* [Work item]:
Write the data out again, character for character, with no images.

* [Supplied material]:
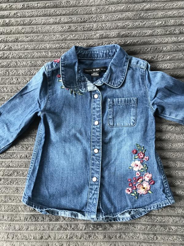 Джинсовая рубашка для девочки. Стан - идеальный. Длина 33 см, по спинке 37 см ОГ 27 см Цена 150 грн.
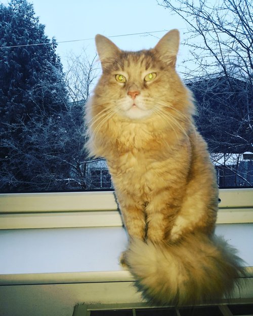 Mer langhåret enn på bildet,stor katt ( rundt 6,5 kilo) mjauer kun når han er frustrert,buskete hale.
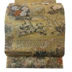 美品 丸帯 逸品 落款あり 琳派大全集 草花 金糸 箔 金色 お太鼓柄 正絹 中古

* [Your solution]:
 Джинсовая рубашка для девочки. Стан - идеальный. Длина 33 см, по спинке 37 см ОГ 27 см Цена 150 грн.
 Mer langhåret enn på bildet,stor katt ( rundt 6,5 kilo) mjauer kun når han er frustrert,buskete hale.
 美品 丸帯 逸品 落款あり 琳派大全集 草花 金糸 箔 金色 お太鼓柄 正絹 中古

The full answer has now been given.